-------- Data block

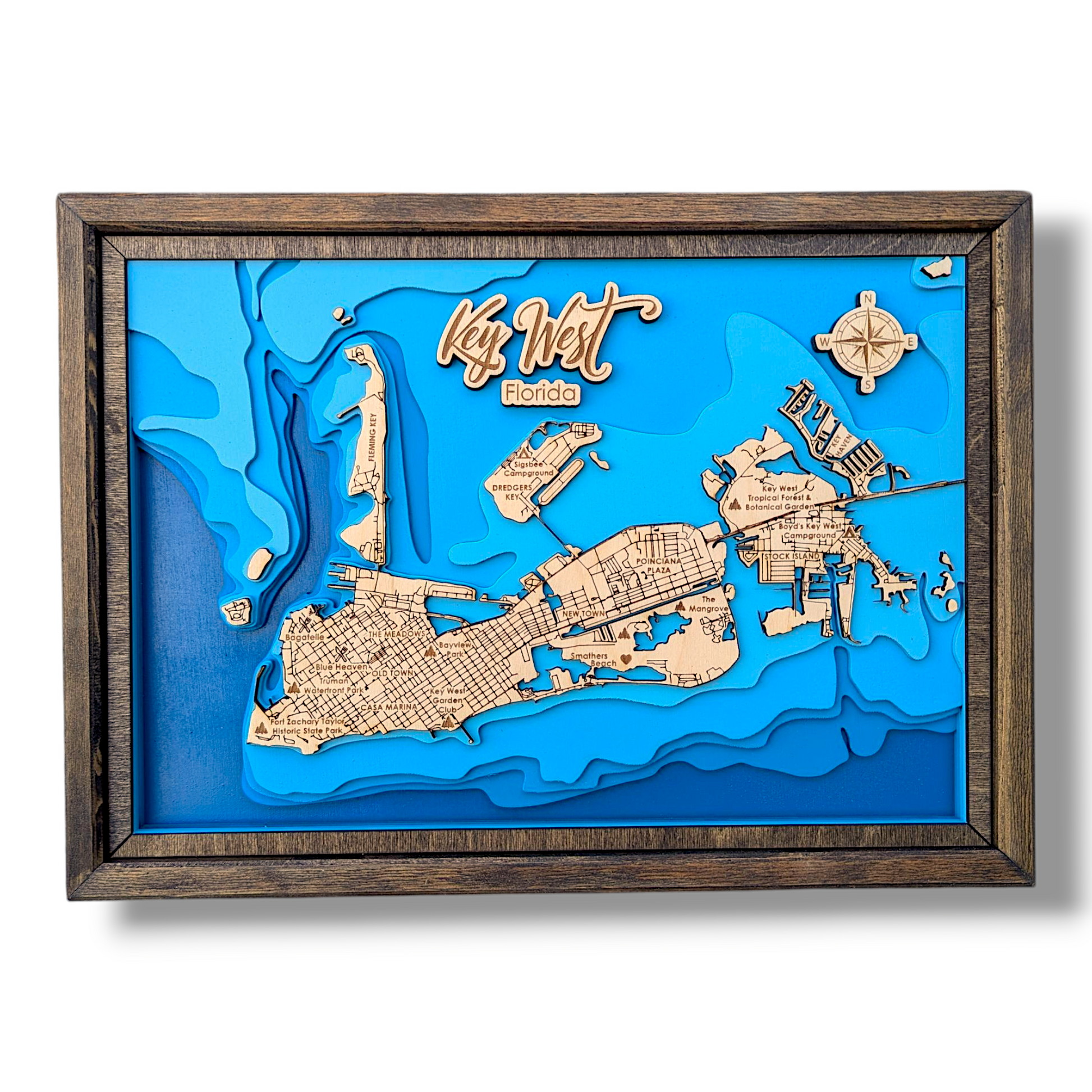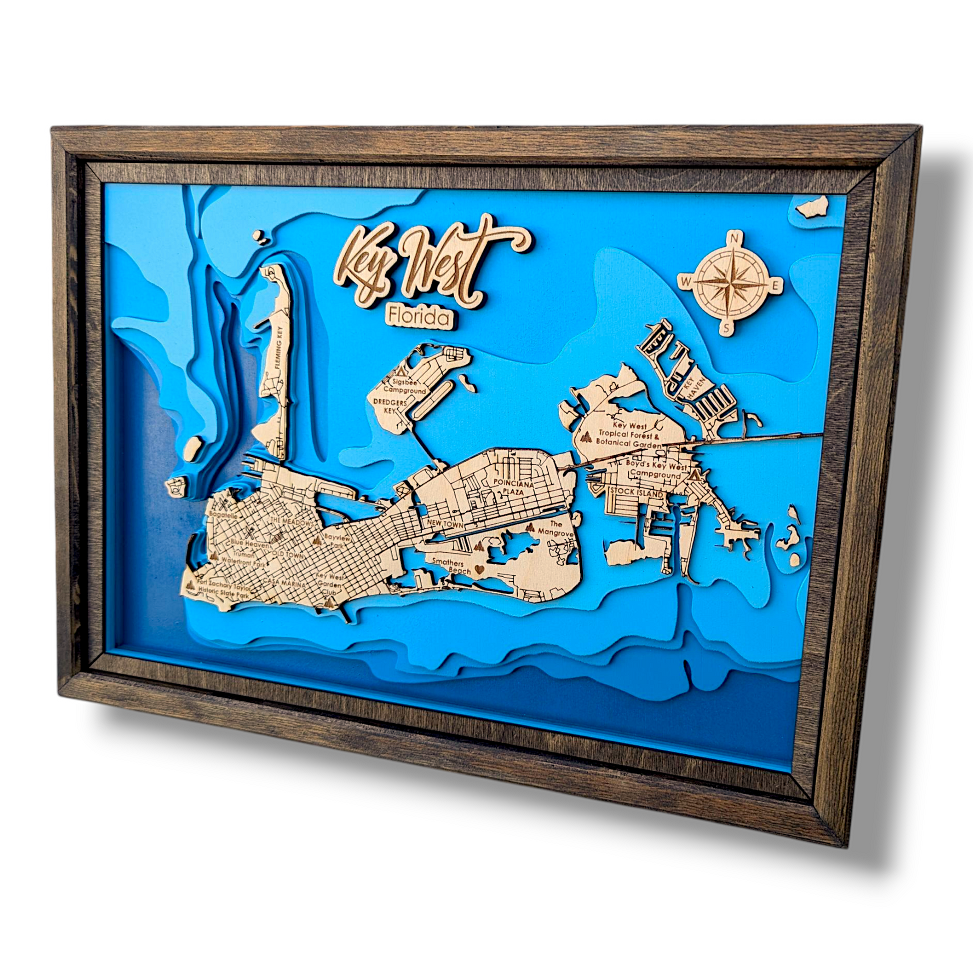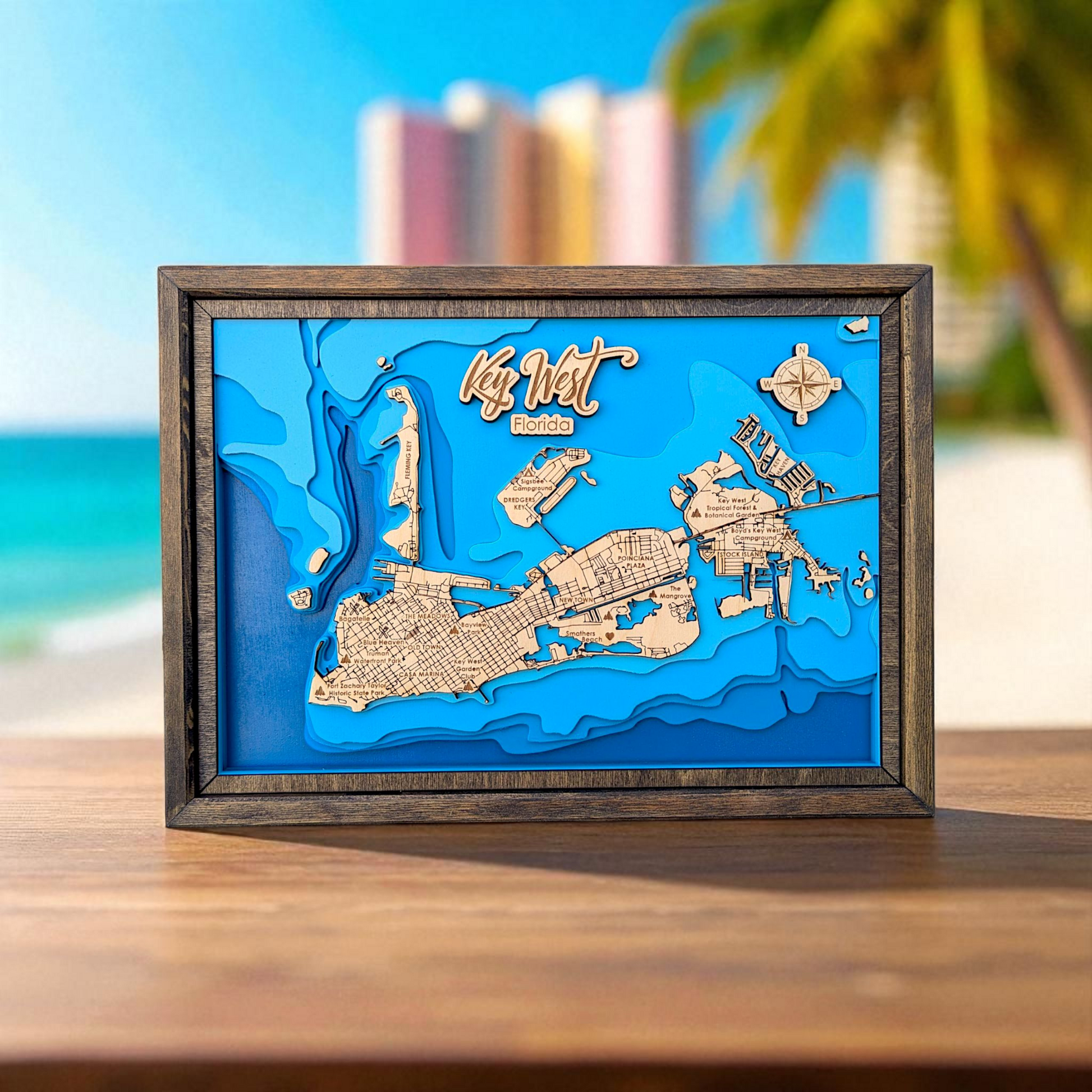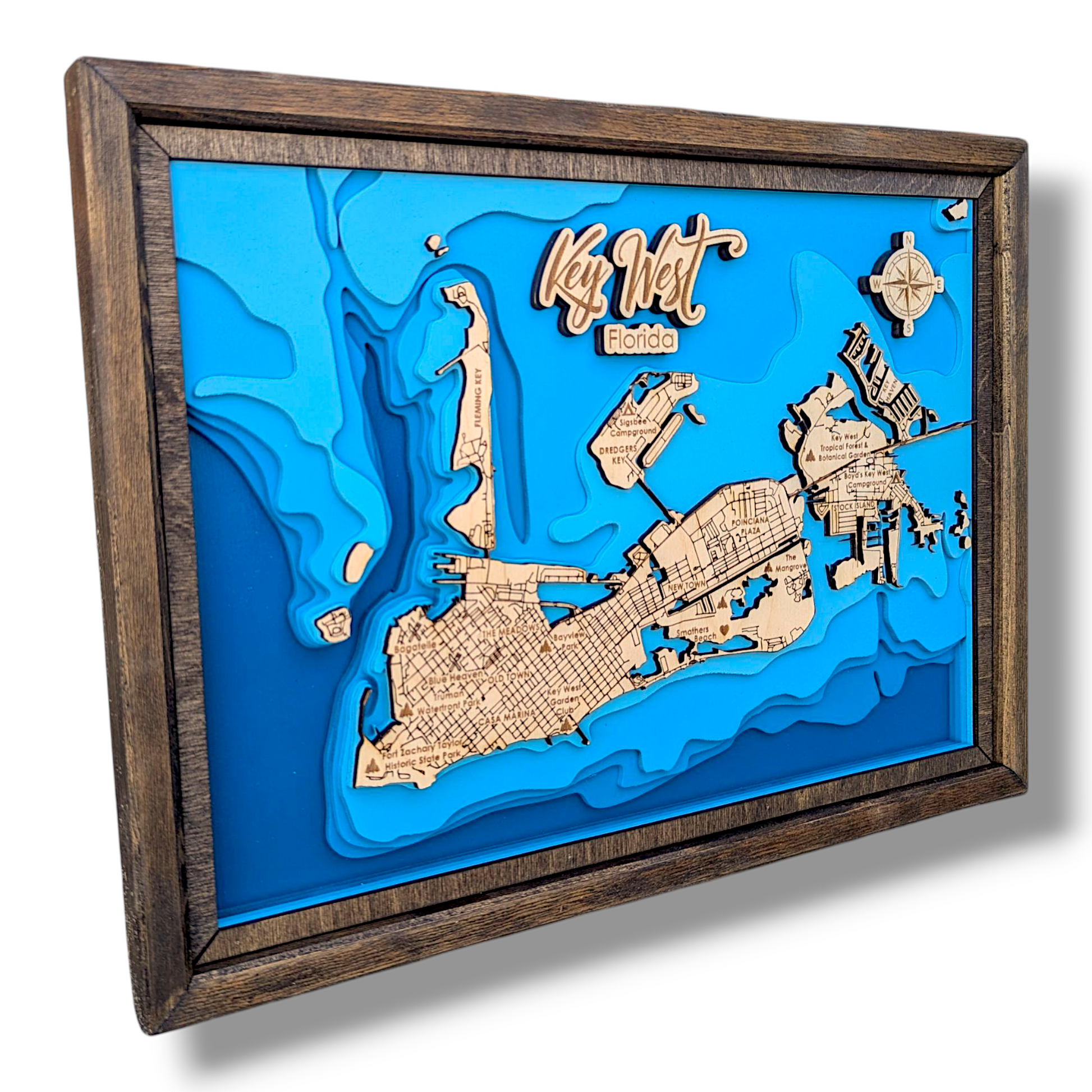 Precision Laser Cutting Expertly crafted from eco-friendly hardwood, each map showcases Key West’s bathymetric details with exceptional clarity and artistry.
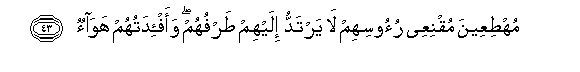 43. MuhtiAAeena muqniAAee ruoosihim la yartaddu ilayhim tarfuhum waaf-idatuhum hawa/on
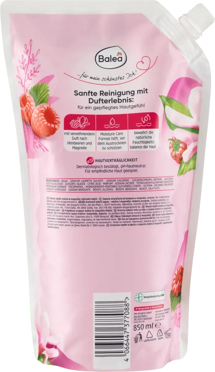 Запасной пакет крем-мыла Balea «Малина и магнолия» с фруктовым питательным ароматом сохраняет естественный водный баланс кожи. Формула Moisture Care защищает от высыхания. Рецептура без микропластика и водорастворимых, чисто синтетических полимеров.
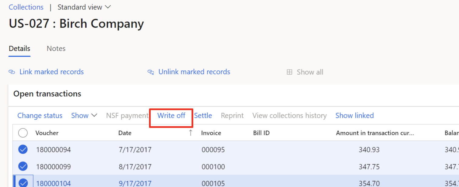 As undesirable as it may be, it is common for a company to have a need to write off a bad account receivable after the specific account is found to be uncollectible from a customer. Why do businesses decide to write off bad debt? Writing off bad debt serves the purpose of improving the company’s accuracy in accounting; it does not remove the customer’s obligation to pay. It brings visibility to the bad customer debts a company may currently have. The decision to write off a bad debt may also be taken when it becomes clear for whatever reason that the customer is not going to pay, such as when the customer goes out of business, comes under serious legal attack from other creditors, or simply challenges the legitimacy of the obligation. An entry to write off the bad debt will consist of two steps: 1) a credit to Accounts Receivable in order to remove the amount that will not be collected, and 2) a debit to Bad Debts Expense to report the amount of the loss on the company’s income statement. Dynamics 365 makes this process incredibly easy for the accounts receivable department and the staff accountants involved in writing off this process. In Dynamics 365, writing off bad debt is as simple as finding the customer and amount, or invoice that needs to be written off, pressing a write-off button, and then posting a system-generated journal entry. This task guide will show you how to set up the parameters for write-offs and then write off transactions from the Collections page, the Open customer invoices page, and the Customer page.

----------------

> Task to carry out
Please write out only the material above, exactly, from its first line through the line that contains "Запасной пакет крем-мыла", and include no pictures.

> Response box
 Precision Laser Cutting Expertly crafted from eco-friendly hardwood, each map showcases Key West’s bathymetric details with exceptional clarity and artistry.
 43. MuhtiAAeena muqniAAee ruoosihim la yartaddu ilayhim tarfuhum waaf-idatuhum hawa/on
 Запасной пакет крем-мыла Balea «Малина и магнолия» с фруктовым питательным ароматом сохраняет естественный водный баланс кожи. Формула Moisture Care защищает от высыхания. Рецептура без микропластика и водорастворимых, чисто синтетических полимеров.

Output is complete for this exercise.